Es gibt im Leben und in der Zahnheilkunde nicht immer ein richtig und ein falsch. Je weiter das Leben des Patienten voranschreitet und je mehr die Stürme des Lebens ihre Spuren am Körper und im Kauorgan des Patienten hinterlassen, umso mehr muss der Behandler abwägen.
Und dabei ist es das Beste, wenn er das nicht still und allein in seinem Kämmerchen tut, sondern den Patienten einbezieht.
Man kann ganz Vieles in dieser Zwiesprache zwischen Arzt und Patient tun, wenn es zum einen medizinisch vertretbar erscheint und zum anderen im Wissen des Patienten stattfindet.
Ergebnis: Die Patientin hat sich für die kleinere Lösung entschieden und hierbei noch für eine Spezialvariante. Die dauerprovisorische Versorgung wird als kleinere Variante ohne die Frontzähne ausgeführt, dann überlegt die Patientin vor der Versorgung mit den definitiven Rekonstruktionen erneut.
So ist es geplant, bevor wir mit dem Diagnostischen Aufwachsen beginnen. Ob das dann wirklich als Behandlungsvariante in Frage kommt wissen wir noch nicht einmal selbst. Aber, diese Idee musste bereits besprochen werden, bevor das Aufwachsen beginnt.
Einen derartigen Fall haben wir übrigens das erste Mal. In allen anderen Fällen gab es nichts zu besprechen, denn letztendlich muss der Behandler ein Konzept vorlegen, das am Ende funktioniert und auch haftungsrechtlich allen möglichen Überprüfungen standhält.
Aber hier war es eben doch einmal anders und führte eben zu diesem Gespräch.
Das ist eben auch eine Erkenntnis dieses Beitrages für den Leser. Wir wissen vor dem Diagnostischen Aufwachsen nicht immer alles, denn dann müssten wir es nicht durchführen. Aber auch ein Diagnostisches Aufwachsen beginnt nicht im luftleeren Raum, sondern man kann dort Dinge erahnen. Aber selbst diese Dinge, die man nur erahnen kann, können frühzeitig in die eine oder andere Richtung gelenkt werden und sollten besprochen werden.

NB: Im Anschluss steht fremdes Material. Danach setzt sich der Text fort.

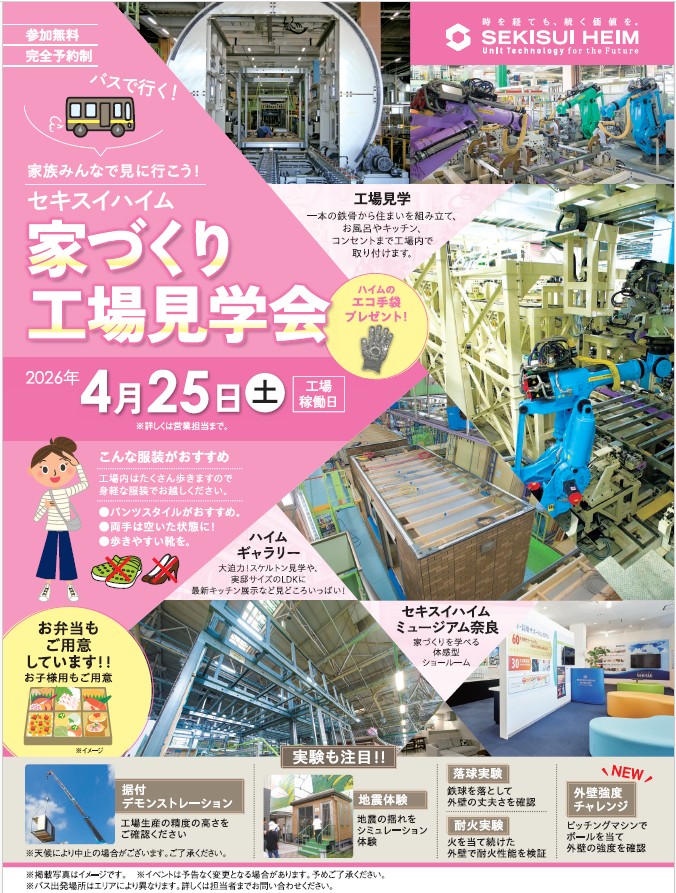 - 近畿セキスイハイム工業 ※滋賀県内からバスにご乗車いただき現地へ(出発地はお問い合わせください) ※事前予約が必要です

Das haben wir gestern getan. Ob diese „Ahnung“ sich dann am konkreten Modellpaar im volladjustierbaren SAM Artikulator überhaupt in die Realität umsetzten lässt, oder sich sogar im Nachhinein herausstellen wird, dass dieses Gespräch zwar gut gemeint war, aber letztendlich doch überflüssig, das wird sich jetzt herausstellen.
Dann ist es aber besser man hat diese Dinge vorher besprochen und muss die begonnene Arbeit im Labor nicht erst dann unterbrechen.